FDS

Consider relation R(A,B,C,D,E) with the following functional dependencies: AB -> C, D -> E, DE -> B.
Is R in BCNF? If not, decompose R into a collection of BCNF relations.

To determine if a relation is in Boyce-Codd Normal Form (BCNF), we need to check if it satisfies the following conditions:

1. It is in 1NF (First Normal Form).
2. For every non-trivial functional dependency (X -> Y), X is a superkey.

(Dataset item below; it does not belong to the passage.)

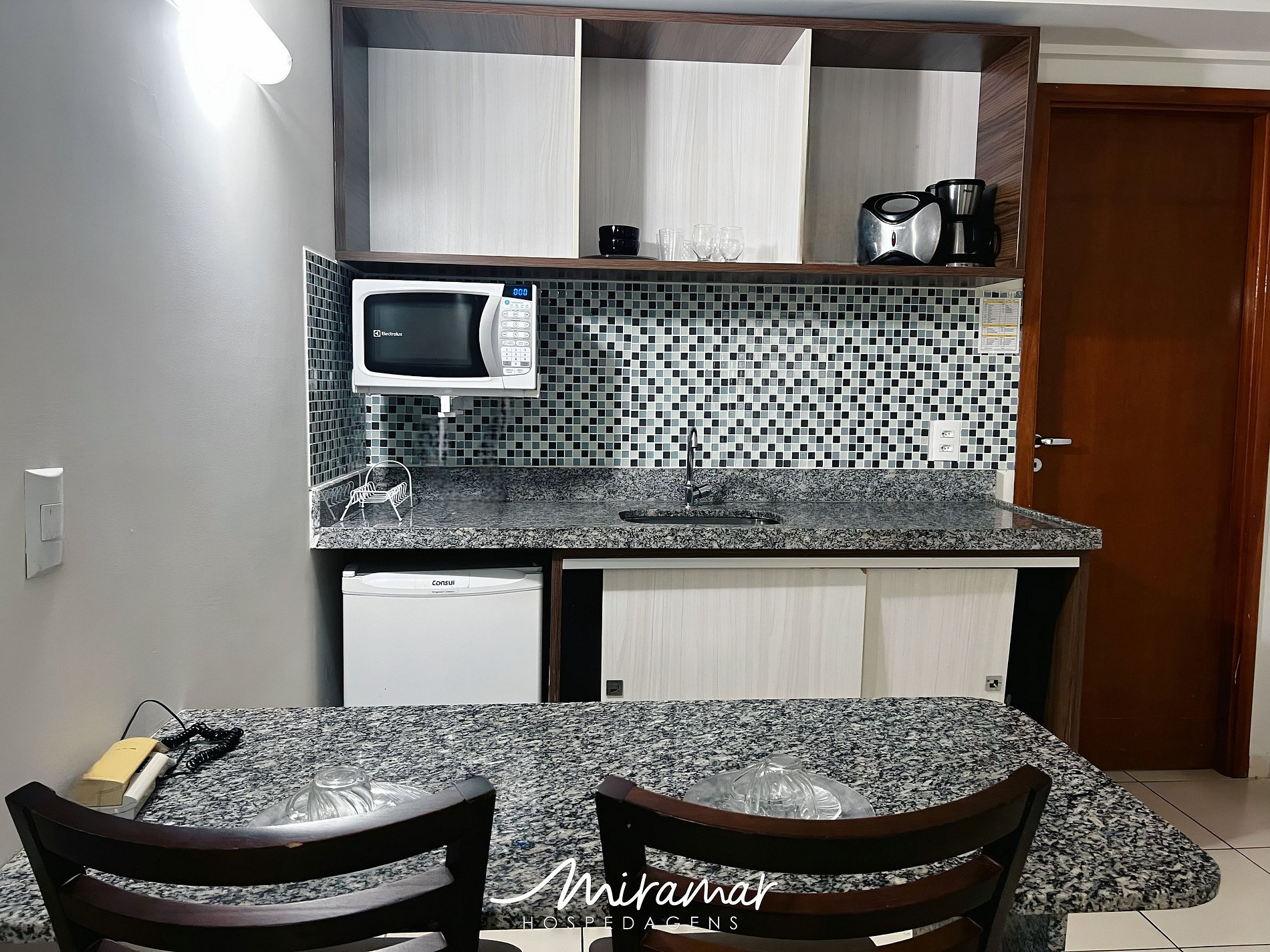 A varanda revela uma vista encantadora da praia perfeita para contemplar o nascer do sol ou relaxar ao som das ondas. O espaço é dividido em quarto e sala em estilo cozinha americana, com sofá-cama, bancada com duas cadeiras e cozinha equipada com os eletrodomésticos básicos. Acomoda para dormida até 4 hóspedes.

Let's analyze the given relation R(A, B, C, D, E) with the functional dependencies AB -> C, D -> E, DE -> B:

1. 1NF: Assuming that all attributes (A, B, C, D, E) are atomic, the relation is in 1NF.

2. Superkey analysis:

   • The functional dependency AB -> C implies that AB is a superkey.
   • The functional dependency D -> E implies that D is a superkey.
   • The functional dependency DE -> B implies that DE is a superkey

• AB -> C: AB is a superkey, so this dependency is fine.
• D -> E: D is a superkey, so this dependency is fine.
• DE -> B: DE is a superkey, so this dependency is fine.

Since all the functional dependencies have superkeys on the left side, the relation R is already in BCNF.

Therefore, there is no need for decomposition in this case, as the relation R(A, B, C, D, E) is already in BCNF.